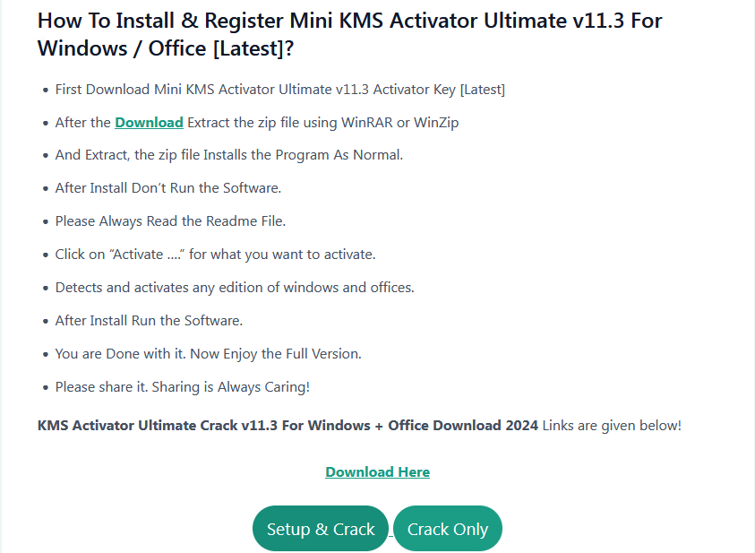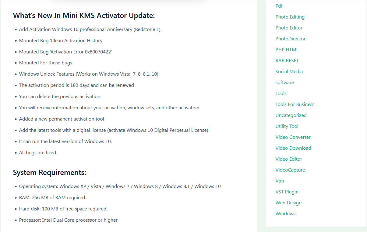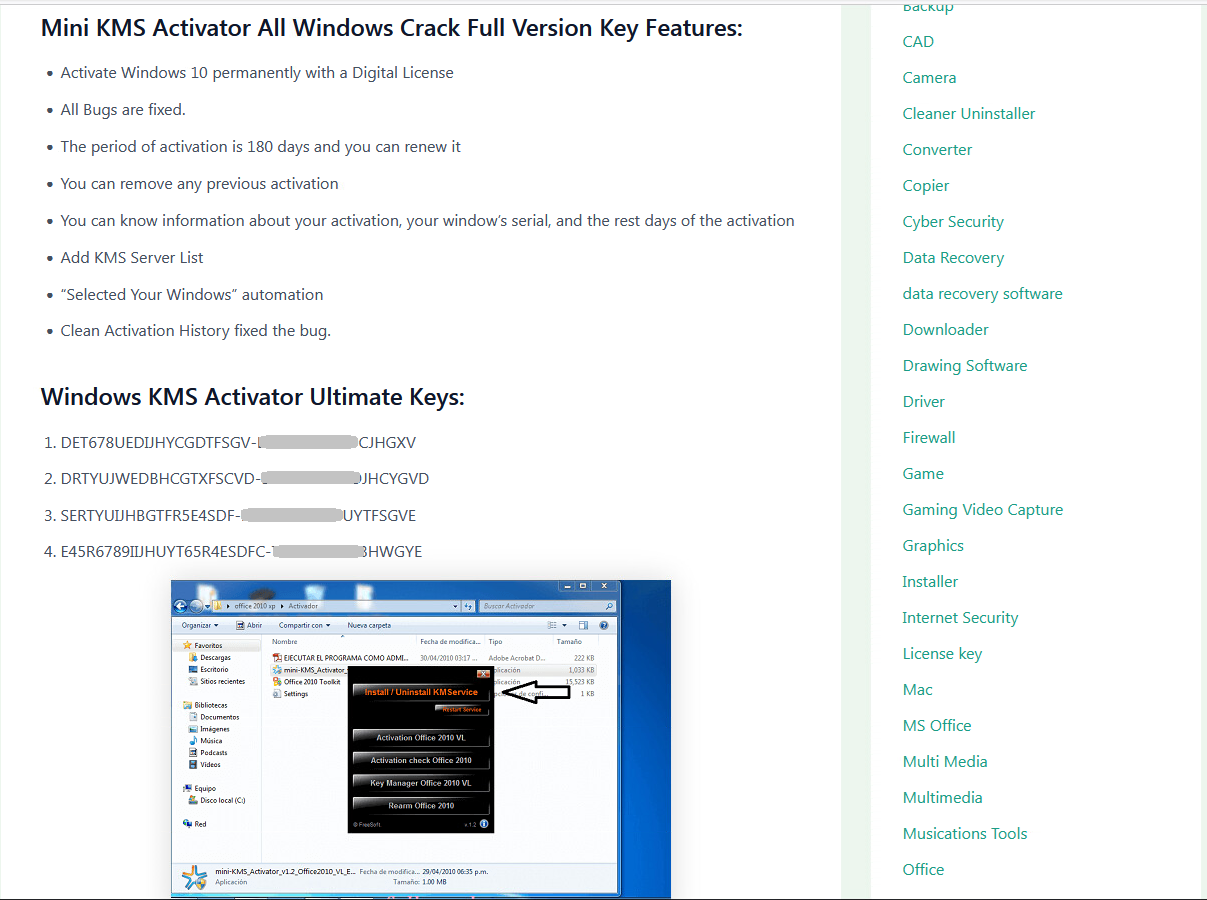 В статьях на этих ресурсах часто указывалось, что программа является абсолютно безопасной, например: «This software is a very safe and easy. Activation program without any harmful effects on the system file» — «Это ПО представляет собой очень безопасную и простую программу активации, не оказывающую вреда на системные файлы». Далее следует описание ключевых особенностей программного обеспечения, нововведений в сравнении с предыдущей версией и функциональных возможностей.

==

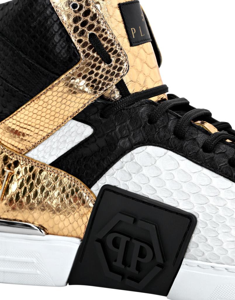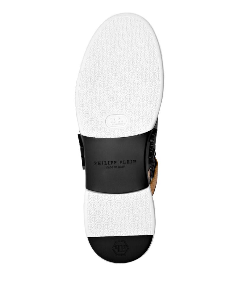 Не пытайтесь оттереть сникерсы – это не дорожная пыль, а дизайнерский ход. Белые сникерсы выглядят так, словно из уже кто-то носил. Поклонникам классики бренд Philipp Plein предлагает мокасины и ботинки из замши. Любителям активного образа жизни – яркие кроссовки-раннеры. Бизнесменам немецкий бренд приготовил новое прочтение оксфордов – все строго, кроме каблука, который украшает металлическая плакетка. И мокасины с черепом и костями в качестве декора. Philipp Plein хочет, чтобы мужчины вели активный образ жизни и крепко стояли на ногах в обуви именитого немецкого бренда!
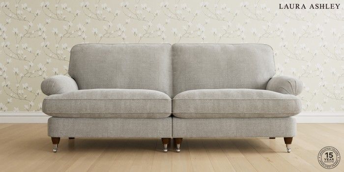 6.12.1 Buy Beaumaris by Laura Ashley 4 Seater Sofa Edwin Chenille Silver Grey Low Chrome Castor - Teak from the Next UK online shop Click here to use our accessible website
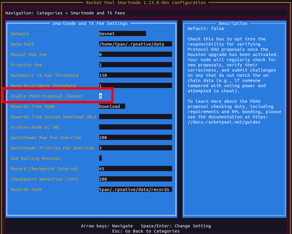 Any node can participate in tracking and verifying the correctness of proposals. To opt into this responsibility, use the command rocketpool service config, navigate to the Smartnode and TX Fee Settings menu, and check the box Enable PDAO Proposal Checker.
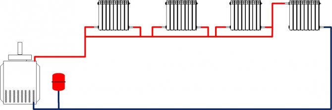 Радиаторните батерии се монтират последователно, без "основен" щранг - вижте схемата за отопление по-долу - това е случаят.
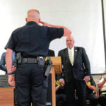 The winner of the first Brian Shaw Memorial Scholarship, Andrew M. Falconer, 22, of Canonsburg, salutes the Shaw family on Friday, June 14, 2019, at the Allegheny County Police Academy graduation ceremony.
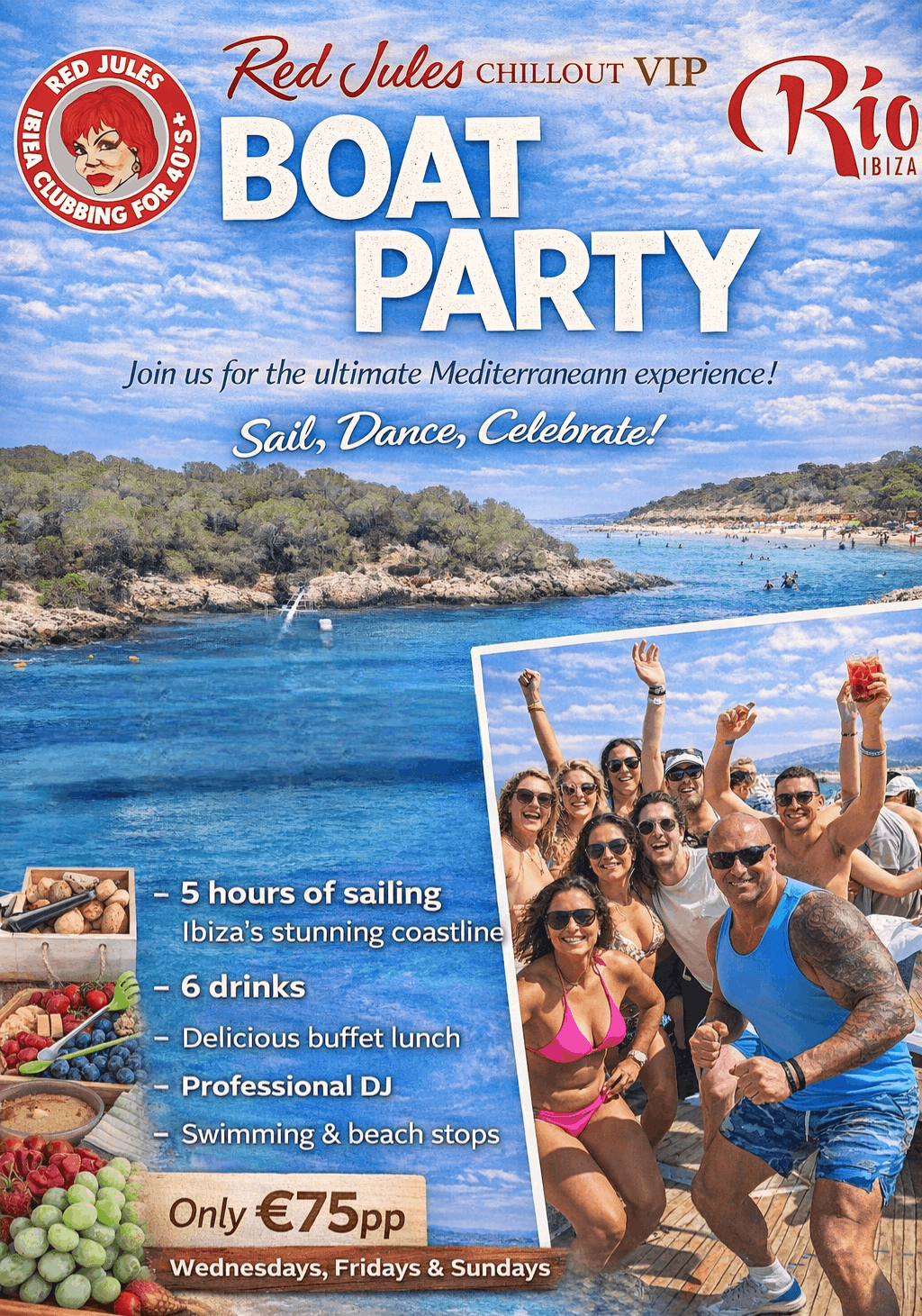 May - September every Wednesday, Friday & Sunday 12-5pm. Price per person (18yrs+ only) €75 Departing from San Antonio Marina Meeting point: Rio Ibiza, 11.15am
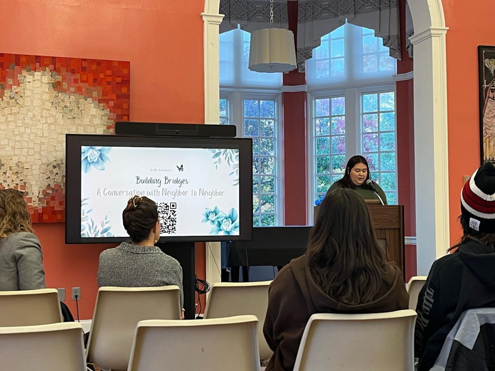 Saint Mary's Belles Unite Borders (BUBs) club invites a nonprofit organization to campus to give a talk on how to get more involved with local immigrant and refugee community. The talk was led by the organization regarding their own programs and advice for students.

**What you should do:**
Return, exactly as they stand, the lines above from the one with "Any node can" to the one with "Радиаторните батерии се", omitting any pictures among them.

**Problem solution:**
 Any node can participate in tracking and verifying the correctness of proposals. To opt into this responsibility, use the command rocketpool service config, navigate to the Smartnode and TX Fee Settings menu, and check the box Enable PDAO Proposal Checker.
 Радиаторните батерии се монтират последователно, без "основен" щранг - вижте схемата за отопление по-долу - това е случаят.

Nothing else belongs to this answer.